Applied surface science 323 (2014), pp.31-39
ISSN: 0169-4332
E-MRS Fall Meeting <2013, Warsaw>
Journal Article, Conference Paper
Fraunhofer ISE ()
Solarzellen - Entwicklung und Charakterisierung; Silicium-Photovoltaik; Kontaktierung und Strukturierung; Charakterisierung; Zellen und Module; TEM-Analysis; Nickelsilicide; Cell Metallization; silicide

In the context of nickel silicide formation from plated nickel layers for solar cell metallization, there are several open questions regarding contact adhesion and electrical properties. Nanoscale characterization by transmission electron microscopy has been employed to support these investigations.
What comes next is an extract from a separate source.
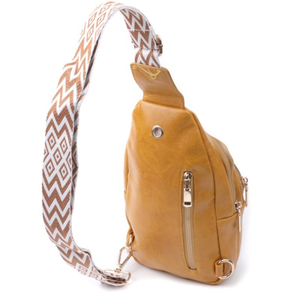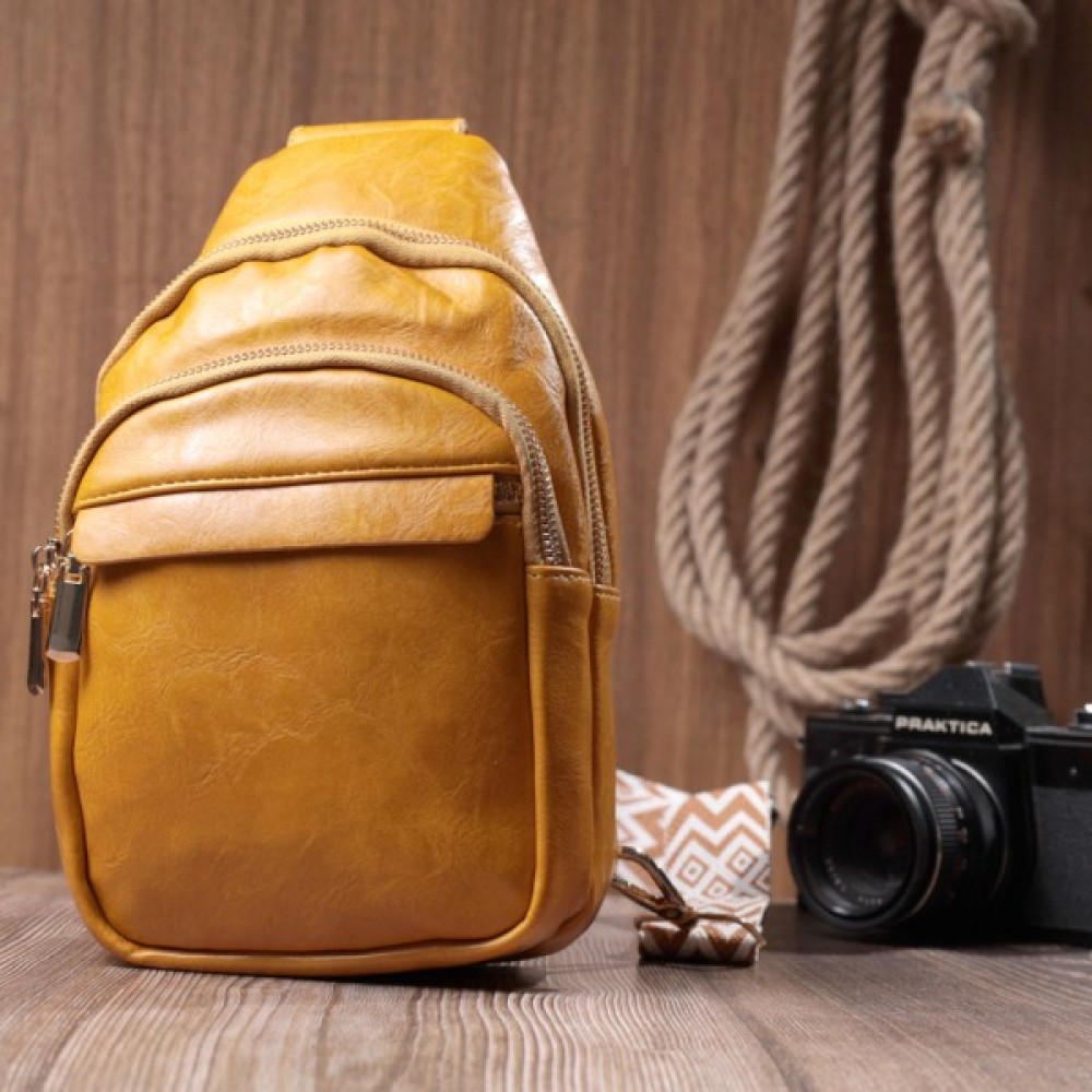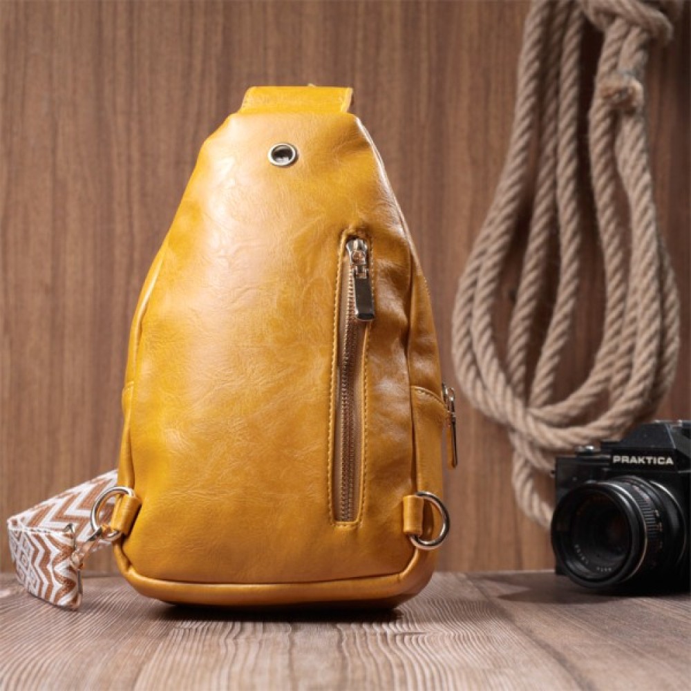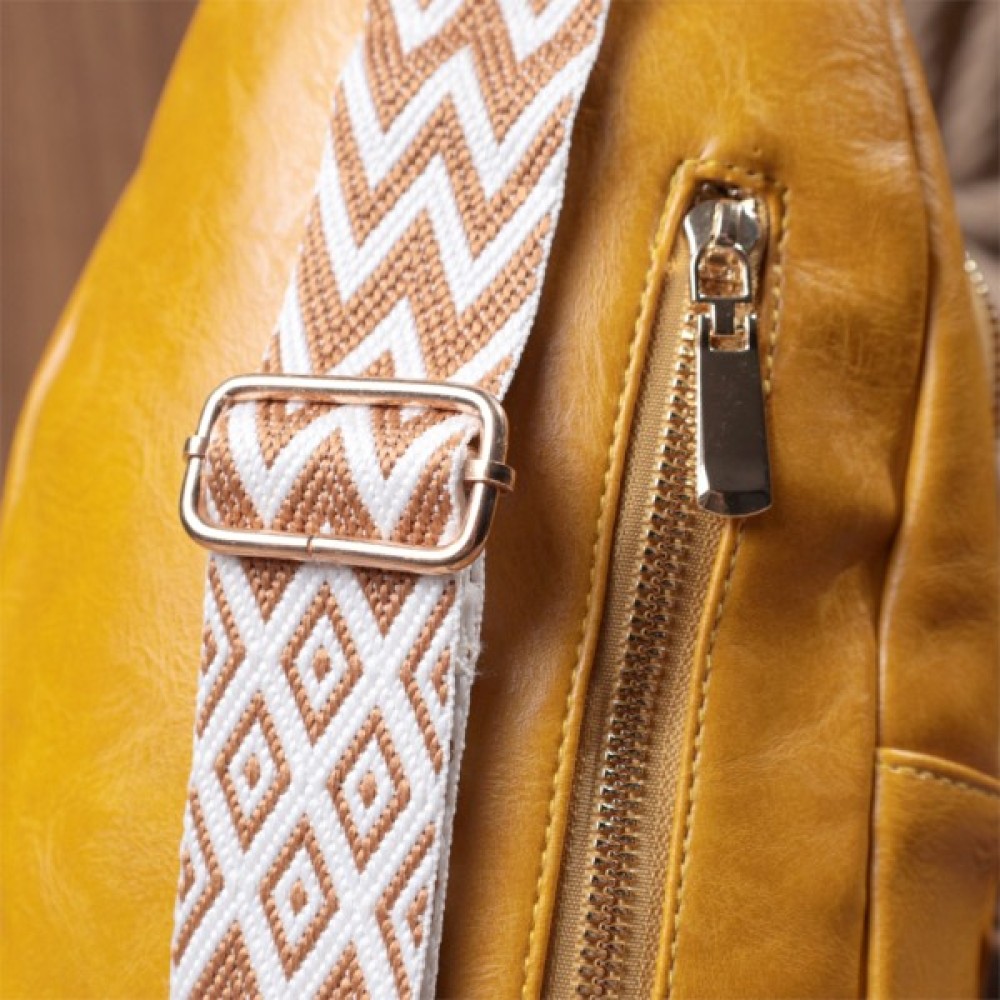 Функціональна слінг сумка для жінок з гладкої екошкіри. Дана модель складається з одного основного відділення, яке закривається на блискавку і в якому знаходиться кишеня на блискавці і три кишені для кредитних карток усередині, а також трьох кишень зовні та одного отвору для кабелю або навушників, що дуже зручно в сучасному світі. Акцентом даної моделі є зручний регульований плечовий ремінець у етнічному стилі, що дуже модно вже кілька сезонів. Екошкіра - високоякісна альтернатива натуральному матеріалу, яка дуже стійка до тертя, до низьких температур, відмінно носиться на відміну від інших штучних матеріалів, а також має гіпоалергенний склад на відміну від натуральної шкіри.

Interfacial oxides and silicide phases were investigated on differently prepared samples by different analytical methods associated with transmission electron microscopy analysis. Processing variations included the pre-treatment of samples before nickel plating, the used plating solution and the thermal budget for the nickel–silicon solid-state reaction. It was shown that interface oxides of only few nm thickness on both silicon and nickel silicide are present on the samples, depending on the chosen process sequence, which have been shown to play an important role in adhesion of nickel on silicide in an earlier publication. From sample pretreatment variations, conclusions about the role of an interfacial oxide in silicide formation and its influence on phase formation were drawn. Such an oxide layer hinders silicide formation except for pinhole sites. This reduces the availability of Ni and causes a silicide with low Ni content to form. Without an interfacial oxide a continuous nickel silicide of greater depth, polycrystalline modification and expected phase according to thermal budget is formed. Information about the nature of silicide growth on typical solar cell surfaces could be obtained from silicide phase and geometric observations, which were supported by FIB tomography. The theory of isotropic NiSi growth and orientation dependent NiSi2 growth was derived. By this, a very well performing low-cost metallization for silicon solar cells has been brought an important step closer to industrial introduction.